Jon has a peanut allergy; if he ate one whole peanut he would, without immediate hospital treatment, die. He could go into anaphylactic shock and his heart would stop if the dose (one fully ingested peanut) was high enough. So when we passed a stall at the bottom of those big stepped ghats just off the boat, and around the valley floor area, we got some street food, which is in fact perfectly safe in terms of hygiene as all the locals eat from them and it is all cooked as you literally watch.
He did ask if if there were any nuts in it and being told `no no, no problems` would seem to be an indication that all was good, so unthinkingly he munched some and then went a sort of ghastly white/green colour and announced the problem; his tongue and throat were starting to swell and he needed something with enzymes in that slow the process down; the only two available within a thousand miles from here being either milk or beer. Problem 1]. Milk here isn't milk, it comes almost always from powdered milk or (over-diluted) condensed milk, or it's buffalo milk which doesn't really work. Condensed milk is the only thing that does the job and is the thing that survives storage at Indian temperatures.
Aliah and John, now unable to much speak and kind of exhausted at running up the 40-foot steps, found the first litle chai stall above the steps and Aliah told them what was happening, that he need milk, chai, chai milk, whatever, immediately, a serious life-threatening thing was going on if we didn't start dealing with stuff quickly, so, they sat there, snickering and laughing.
Aliah was speaking t them in perfect Hindi and Telugu and they perfectly understood what was going on, they just weren't going to be disturbed, these laid back chai peddlars with their little stoves and kitchens and tins of condensed milk sat there doing nothing; eventually they ambled about the proces of opening a can and pouring it out for Aliah to pass to Jon but they would pass it to Aliah, this tiny cup of condensed milk that could help save a man's life, until they had been paid for it = 2 Rupees. Two fucking rupees, and they weren't going to see anywhere outside of their blinkered little box where money has o be paid before aything is offered, and this foreigner wearing no t-shirt and doesn't even belong to our caste system, on any level, simply doesn't deserve anything from us or even anything but to die, if that's what the gods want. That is the impresion in part, the caste system thing I mean, that I am forming about this hindu society.
Anyway while they were climbing the steps I did my valiant deed of the hour and dashed up the slope in the middle of the steps with a scream of "I'll get you a beer Jon!!!" feeling all herioc and like I had something to actually do for once, spare wheel syndrome having begun to nudge at my mind that morning. Halfway t the nearest bar I remembered: Hampi is a dry town; that's why we live across that bloomin' river!
So milk was needed, and I ran in and found after asking 2 strangers someone who actually worked there, and asked fro 3 glasses of milk, quickly quickly, please.

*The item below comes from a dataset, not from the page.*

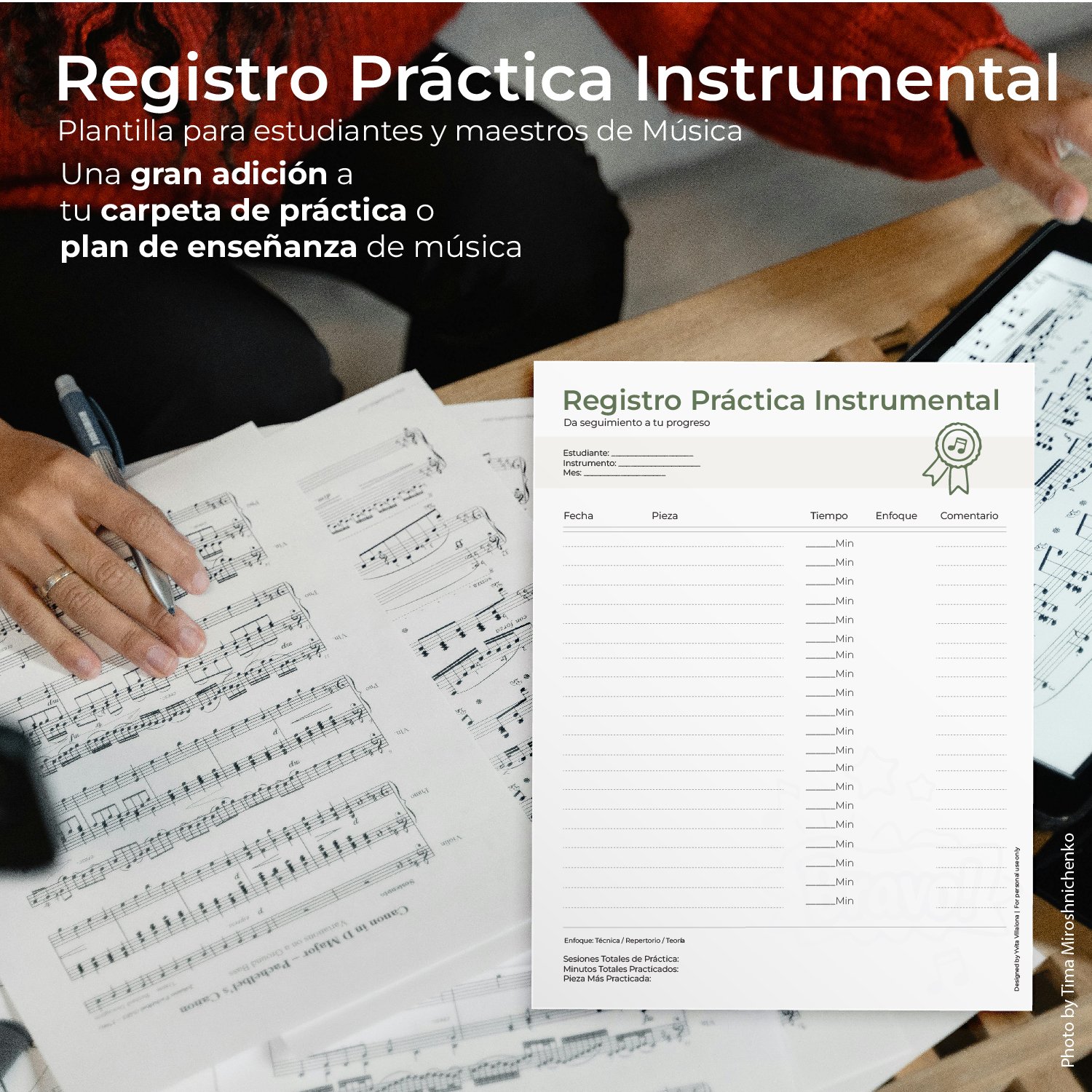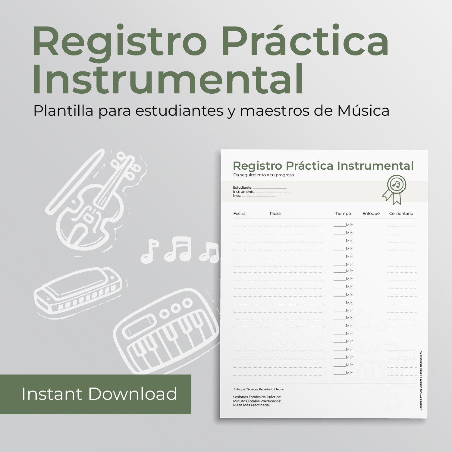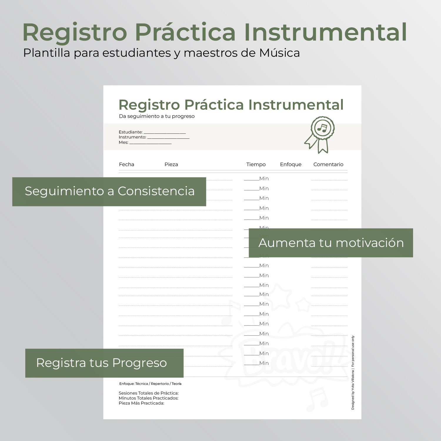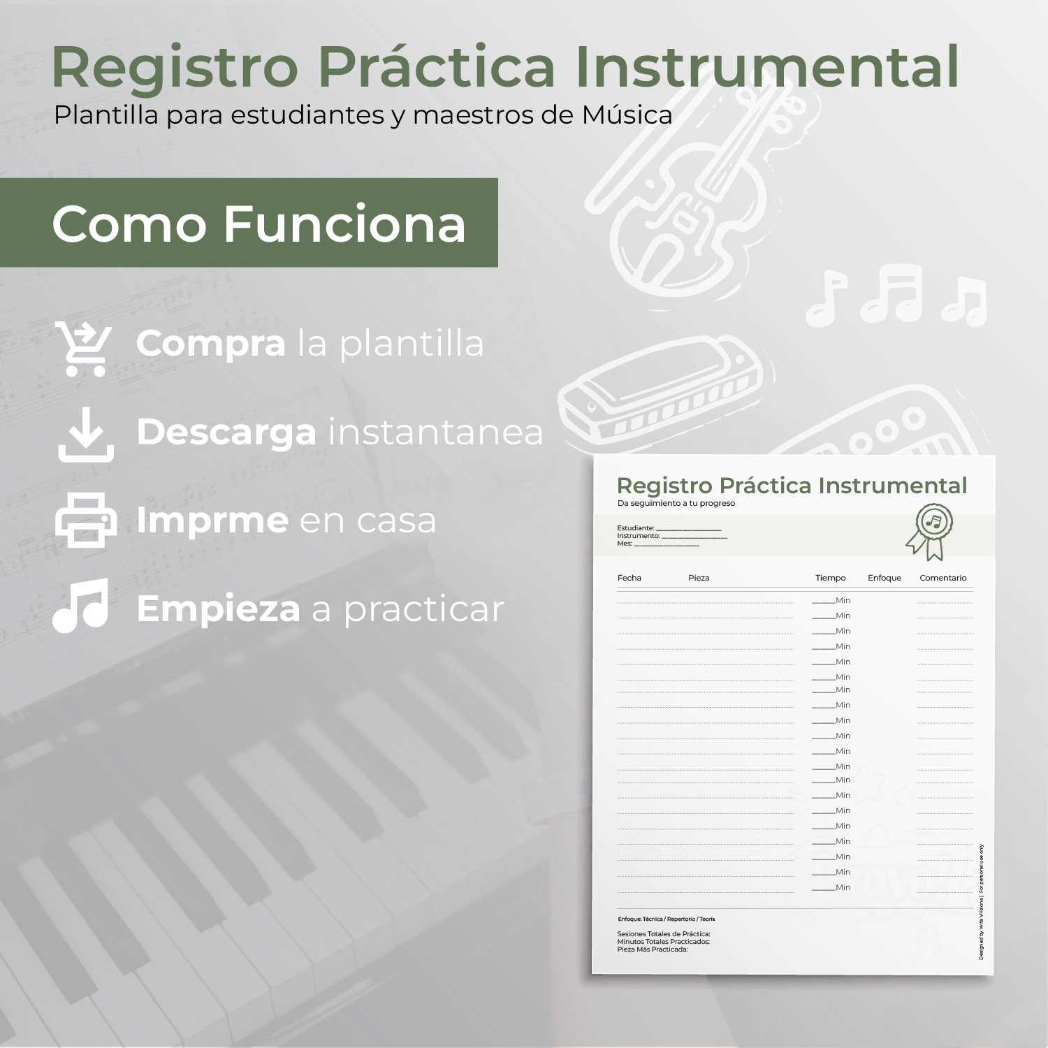 Este registro facilita anotar las piezas practicadas, el tiempo de práctica y las áreas de enfoque, ayudando a los estudiantes a desarrollar rutinas constantes y mantenerse responsables entre clases. También es una herramienta útil para que estudiantes y profesores revisen hábitos de práctica y observen el progreso a lo largo del tiempo.

They were not quick, and took at least 2 and a half minutes to get this - in the kitchen, which was tiny and open to see, I would have had 3 glasses of milk and be out of the door within about 40 seconds, so I explained in careful, slow English that my friend has an allergic reaction (try that one in sign language - very very ill! was what I used in the end) and that he might collapse, and if he had had too much "poison" he could die within 10 minutes.
This did not speed things up at all, however.
After realising I wanted to take it away they said to 'you want it in a bottle?' so they decanted it into a bottle and, oh yess most definitely, put maybe one and a half glass into the bottle instead and topped the rest up with tap water, which isn't especially different than river water and often comes out brown and makes your sink smell of sewage.
What a prize for humanitaianism they shall one day receive, eh?